The continuous advancement of wireless sensor networks (WSN) has led to the improvement of existing wireless patient health-monitoring systems. The IP-based Wireless Sensor Networks (IP-WSN) have become a popular topic for researchers. The Internet Engineering Task Force (IETF) working group has been designing a new IPv6 over Low-Power Wireless Personal Area Networks (6lowpan) stack, which refers to an IPv6 integration with a Lowpan device, known as an IP-WSN node. The IEEE 802.15.4 standard defines two types of nodes: reduced-function devices (RFD) and full-function devices (FFD). In this project, RFD nodes are used as Biomedical Sensors (BMS) nodes, while FFD nodes are used as IP-WSN nodes. While BMS nodes are used for sensing and transmitting MAC layer beacons to IP-WSN nodes in Body Area Networks (BAN), they can only interact with IP-WSN nodes, while IP-WSN nodes can connect with other IP-WSN nodes due to their full-function capabilities, which include IPv6 compression, neighbor discovery, mesh routing, and BMS packet binding techniques.

This project involves simulating and realtime testing the performance of IP-WSN networks. In the simulation part, we have bound the patient's biomedical data on the MAC layer into the 6lowpan stack and assumed that a wearable IP-WSN device has been embedded in the patient's BAN. The IP-WSN node has limited power and memory, and is unable to carry large energy resources. Therefore, the IP-WSN node acquires BMS packets from the patient's BAN and subsequently transmits them to the gateway operated by the forwarder over IPv6 networks.
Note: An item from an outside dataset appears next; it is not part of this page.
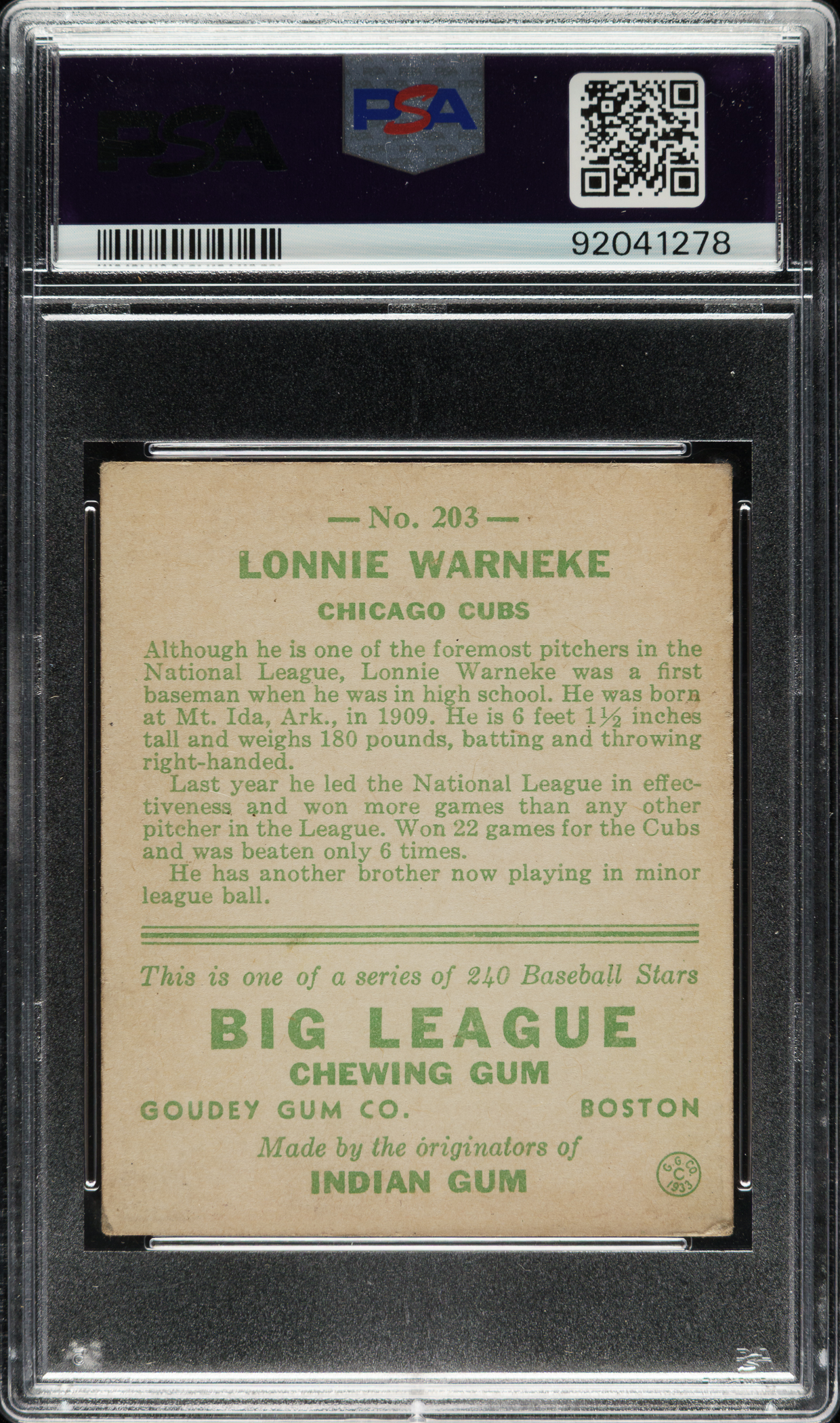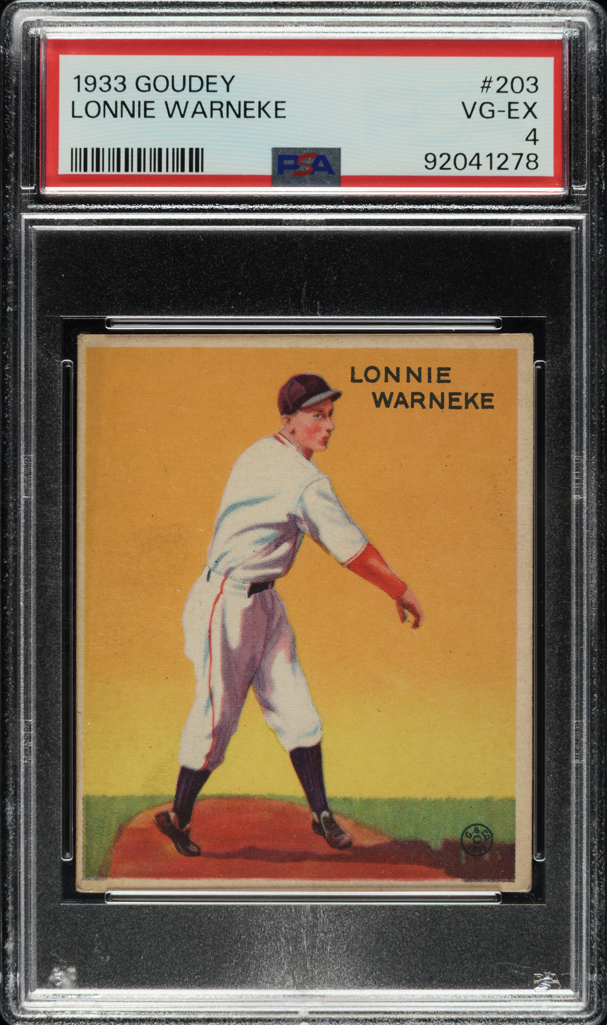 Lot # 1054: 1933 R319 Goudey #203 Lonnie Warneke PSA VG-EX 4

8. M. Tech. Thesis Title: Connectivity of Ad-hoc Sensor Network with Fixed Networks

Ad-hoc sensor networking allows portable devices to establish communication without relying on a central infrastructure. However, the lack of a central infrastructure and the ability of devices to move randomly can lead to various problems, such as routing and security. This thesis focuses on the problem of routing in ad-hoc sensor networks. There are several ad-hoc routing protocols, such as AODV, DSR, DSDV, OLSR, and ZRP, that offer solutions for routing within a fixed network. However, there is also a need for communication between not only wireless devices within an ad-hoc network, but also between a wireless device in an ad-hoc network and a fixed device in a fixed network (e.g., the Internet). To address this need, the ad-hoc routing protocol AODV is modified to examine the connection between a wireless ad-hoc sensor network and a fixed network. To do this, Network Simulator-2 is used, and three proposed approaches for gateway discovery are implemented and investigated.